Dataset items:
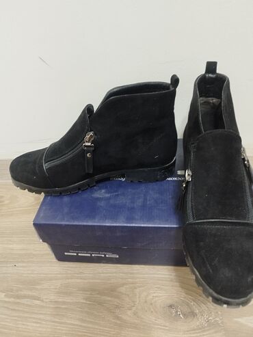 Женские черные ботинки/полусапоги на массивной подошве. - Материал
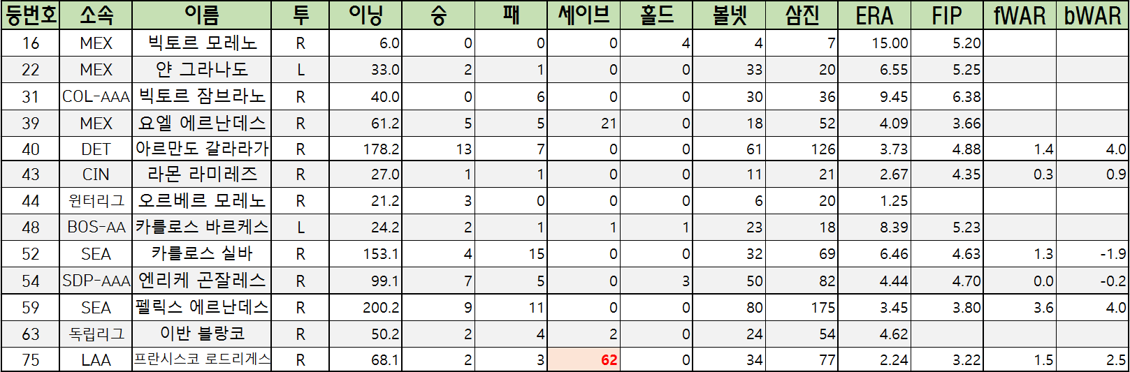 | 52 | SEA | 카를로스 실바 | R | 153.1 | 4 | 15 | 0 | 0 | 32 | 69 | 6.46 | 4.63 | 1.3 | -1.9 |
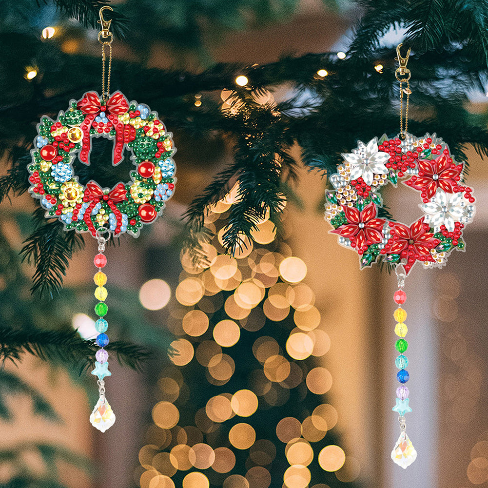 2PCS Suncatcher Diamond Painting Hanging Decor for Kid DIY Craft (Wreath #3)
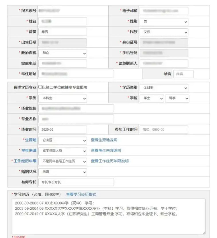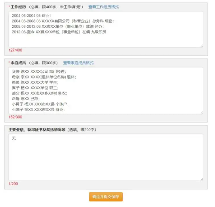 標(biāo)有“*”的項(xiàng)目為必填項(xiàng)目,報(bào)考者填寫的文字內(nèi)容不得超過(guò)限定的最大字符數(shù),并嚴(yán)格按照提示格式填寫。
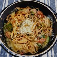 - 3 スキレットにオリーブオイルと2を入れて中火にかけ、水気を切った1と茹で汁、コンソメ顆粒、ケチャップを入れて手早く混ぜます。
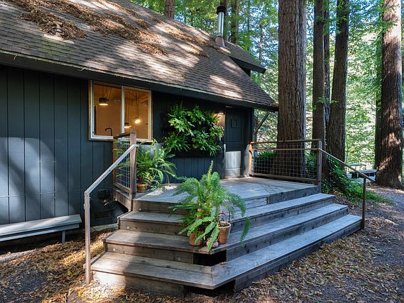 Step inside Caz-cabin nestled in the heart of Sonoma County's enchanting redwood forest. Thoughtfully redesigned by Studio PLOW, the home features an open floor plan with soaring ceilings, abundant natural light, and a dramatic floor-to-ceiling stone fireplace. The custom kitchen includes Valchromat cabinetry, sleek black steel countertops, and premium appliances. The main house offers flexible sleeping arrangements, including an en suite bedroom on the main level and a loft upstairs, comfortably sleeping up to 10 guests. A detached 10' x 12' studio with a Murphy bed provides additional space for guests, a private office, or a creative retreat. Whether you're looking for a personal retreat, vacation home, or investment property, the Caz-cabin delivers modern comfort surrounded by nature. Ideally located with direct access to Austin Creek, and close to the Russian River, local wineries, and the Sonoma Coast.
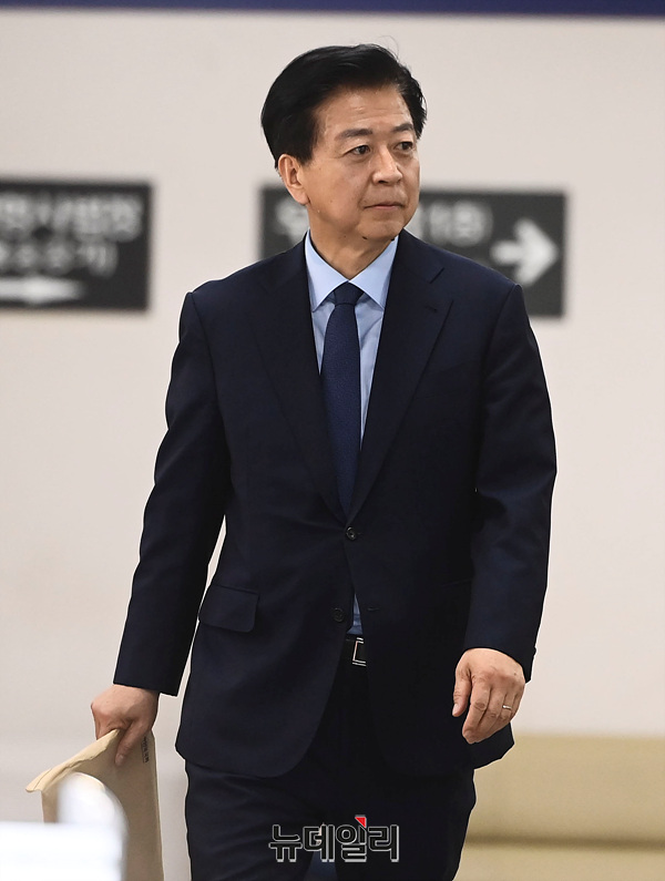 수천만원대 뇌물과 불법 정치자금을 받은 혐의로 재판에 넘겨진 노웅래 전 더불어민주당 의원이 19일 오전 서울 서초구 중앙지법에서 열린 공판에 출석하고 있다.
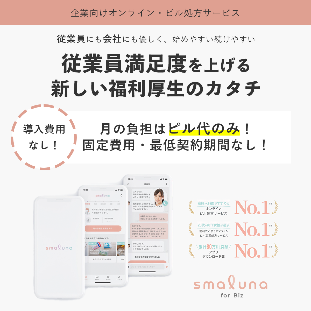 内容:スマルナfor Bizとは:PMSや月経で悩む女性社員に対し、ピル代金を会社負担でご利用いただけるオンライン・ピル処方サービス
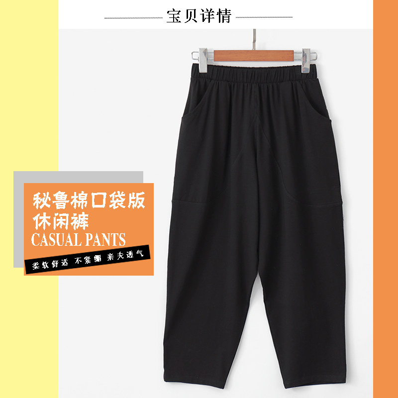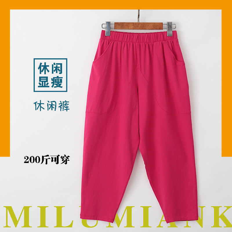 Large size women's pants 200 catties fat MM summer plus fat plus size women's loose high waist thin section eight-point pants radish pants
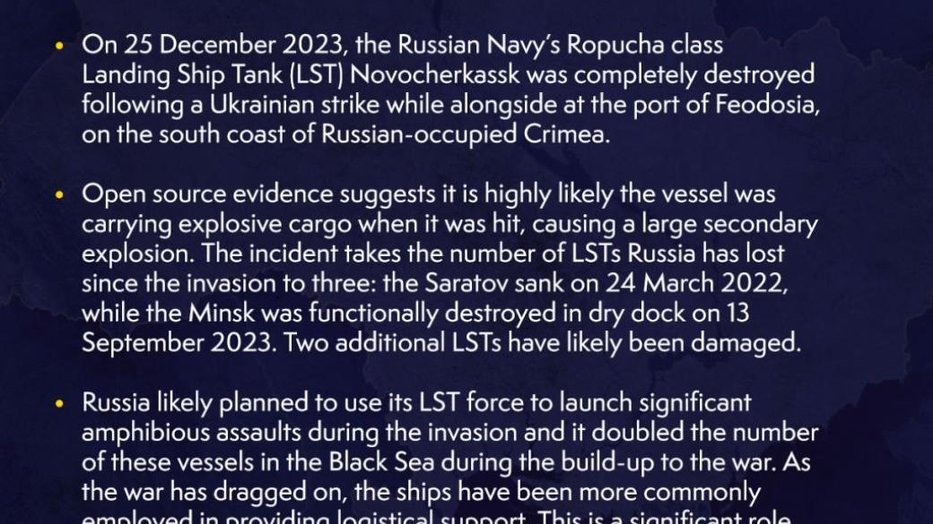В результате украинского удара 25 декабря в порту оккупированной Феодосии большой десантный корабль "Новочеркасск" ВМФ россии был полностью уничтожен. Об этом сообщает Министерство обороны Великобритании в Twitter.
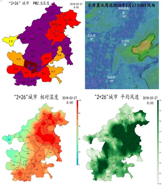 2018年2月26日起,京津冀及周邊地區(qū)經(jīng)歷了一次重污染過(guò)程,主要集中在河北南部、河南北部和山東西北部地區(qū),其中滄州、衡水、邢臺(tái)、邯鄲、安陽(yáng)等城市污染較嚴(yán)重。截止2月27日8時(shí),京津冀及周邊地區(qū)“2+26”城市有23個(gè)城市PM2.5小時(shí)濃度先后超過(guò)150微克/立方米(日均值重污染標(biāo)準(zhǔn));其中,有5個(gè)城市PM2.5小時(shí)濃度超過(guò)250微克/立方米(日均值嚴(yán)重污染標(biāo)準(zhǔn))。區(qū)域內(nèi)PM2.5小時(shí)濃度最高值出現(xiàn)在安陽(yáng),2月27日7時(shí)達(dá)到408微克/立方米;北京市PM2.5小時(shí)濃度過(guò)程高值同樣出現(xiàn)在2月27日7時(shí),達(dá)到215微克/立方米(圖1)。

→ Aim of the task
Leave the images out and transcribe the remaining data above word for word.

→ Exercise answer
 Женские черные ботинки/полусапоги на массивной подошве. - Материал
 | 52 | SEA | 카를로스 실바 | R | 153.1 | 4 | 15 | 0 | 0 | 32 | 69 | 6.46 | 4.63 | 1.3 | -1.9 |
 2PCS Suncatcher Diamond Painting Hanging Decor for Kid DIY Craft (Wreath #3)
 標(biāo)有“*”的項(xiàng)目為必填項(xiàng)目,報(bào)考者填寫的文字內(nèi)容不得超過(guò)限定的最大字符數(shù),并嚴(yán)格按照提示格式填寫。
 - 3 スキレットにオリーブオイルと2を入れて中火にかけ、水気を切った1と茹で汁、コンソメ顆粒、ケチャップを入れて手早く混ぜます。
 Step inside Caz-cabin nestled in the heart of Sonoma County's enchanting redwood forest. Thoughtfully redesigned by Studio PLOW, the home features an open floor plan with soaring ceilings, abundant natural light, and a dramatic floor-to-ceiling stone fireplace. The custom kitchen includes Valchromat cabinetry, sleek black steel countertops, and premium appliances. The main house offers flexible sleeping arrangements, including an en suite bedroom on the main level and a loft upstairs, comfortably sleeping up to 10 guests. A detached 10' x 12' studio with a Murphy bed provides additional space for guests, a private office, or a creative retreat. Whether you're looking for a personal retreat, vacation home, or investment property, the Caz-cabin delivers modern comfort surrounded by nature. Ideally located with direct access to Austin Creek, and close to the Russian River, local wineries, and the Sonoma Coast.
 수천만원대 뇌물과 불법 정치자금을 받은 혐의로 재판에 넘겨진 노웅래 전 더불어민주당 의원이 19일 오전 서울 서초구 중앙지법에서 열린 공판에 출석하고 있다.
 内容:スマルナfor Bizとは:PMSや月経で悩む女性社員に対し、ピル代金を会社負担でご利用いただけるオンライン・ピル処方サービス
 Large size women's pants 200 catties fat MM summer plus fat plus size women's loose high waist thin section eight-point pants radish pants
В результате украинского удара 25 декабря в порту оккупированной Феодосии большой десантный корабль "Новочеркасск" ВМФ россии был полностью уничтожен. Об этом сообщает Министерство обороны Великобритании в Twitter.
 2018年2月26日起,京津冀及周邊地區(qū)經(jīng)歷了一次重污染過(guò)程,主要集中在河北南部、河南北部和山東西北部地區(qū),其中滄州、衡水、邢臺(tái)、邯鄲、安陽(yáng)等城市污染較嚴(yán)重。截止2月27日8時(shí),京津冀及周邊地區(qū)“2+26”城市有23個(gè)城市PM2.5小時(shí)濃度先后超過(guò)150微克/立方米(日均值重污染標(biāo)準(zhǔn));其中,有5個(gè)城市PM2.5小時(shí)濃度超過(guò)250微克/立方米(日均值嚴(yán)重污染標(biāo)準(zhǔn))。區(qū)域內(nèi)PM2.5小時(shí)濃度最高值出現(xiàn)在安陽(yáng),2月27日7時(shí)達(dá)到408微克/立方米;北京市PM2.5小時(shí)濃度過(guò)程高值同樣出現(xiàn)在2月27日7時(shí),達(dá)到215微克/立方米(圖1)。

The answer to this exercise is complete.